Computers don’t have insight into why their data is the way it is, or what data might be missing due to flaws in human society. They don’t know whether the ways they learn to make decisions are fair or unfair. This leads to problems such as:
- The ubiquitous example of COMPAS, an algorithm that is actually used to determine actual people’s criminal sentences, which has a higher error rate for Black defendants despite race not being an input
- An Apple / Goldman Sachs credit card whose unexplainable decisions about credit limits have led to cases of women getting drastically lower credit limits than comparable men – even when the woman’s finances are better, and even when its implementers claim “not to see gender”
- A tool called “Perspective API” that’s pitched as a way of filtering toxicity and making the Internet a kinder place, but turns out to filter out women and minorities more, while letting white supremacist statements through
We’ve written previously about the problem of bias in natural language processing (NLP), and how it’s important to address it. We don’t want the harmful things that computers learn from people to leak into business use cases when it comes to analyzing text, and moreover, we just don’t want to propagate these harmful things at all.
De-biasing is the topic in machine learning that aims to address this kind of problem, and is part of the broader field of “fairness and transparency”. All the examples above are now case studies in fairness and transparency.
What are the risks of bias in the kind of NLP we do at Luminoso?
Our clients use our products to analyze all different forms of text feedback they receive from the people they serve. This feedback includes conversational data such as open-ended survey responses, product reviews, historical documents such as maintenance notes … any text that helps organizations better understand their customers’ and employees’ needs, wants, and pain points.
Fortunately, we aren’t trying to get our products to make high-stakes decisions that ought to be made by people. We’re just trying to organize text by what it means, uncover trends in feedback that may otherwise go unread, and make free-form text measurable.

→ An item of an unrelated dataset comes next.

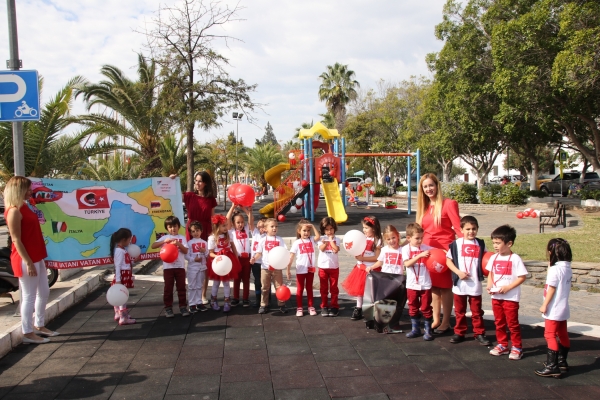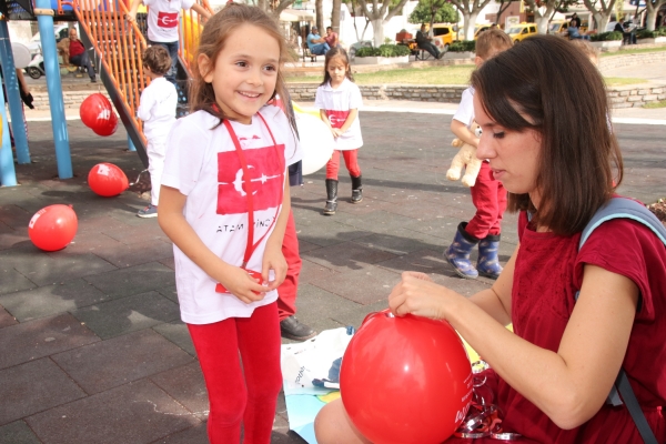 Bodrum Küçük Şeyler Anaokulu’nun 4-5 yaşlarındaki minik öğrencileri, Bodrum’un Yalıkavak, Konacık, Gündoğan, Umurça, Kumbahçe ve Tepecik mahallelerinde bulunan Bodrum Belediyesi’ne ait çocuk parklarını, 29 Ekim Cumhuriyet Bayramı sebebiyle kırmızı beyaz balonlarla donattı. Türkiye Cumhuriyeti ve Ulu Önder Mustafa Kemal Atatürk’e olan sevgiyi ve bağlılığı ifade etmek ve özellikle çocuklar üzerinde bu konuda farkındalık yaratmayı amaçlayan etkinlikte minikler, Mustafa Kemal Atatürk yazılı t-shirtleri ile parkları süsledi.

Even so, we came across the importance of addressing NLP bias, and started learning about it and
finding out what we could do to keep it out of our products.The bias our system encounters, and where we address it
Word embeddings – which build the background knowledge that we use in Luminoso products and ConceptNet – are pre-trained on large amounts of text from the Web. The bias we encounter and what we address in particular are the prejudices and unfortunate associations that can be learned in this step.

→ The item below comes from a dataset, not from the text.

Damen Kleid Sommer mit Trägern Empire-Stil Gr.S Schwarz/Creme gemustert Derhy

Luminoso products go beyond providing a typical “supervised machine learning” pipeline from input data to predictions – they provide features for exploring data, where a human user interacts with the machine learning results to gain a better understanding of what’s going on. So the issue we face is more than just biased predictions: it’s that our system could be influenced by unfortunate associations it learned during pre-training from the Web.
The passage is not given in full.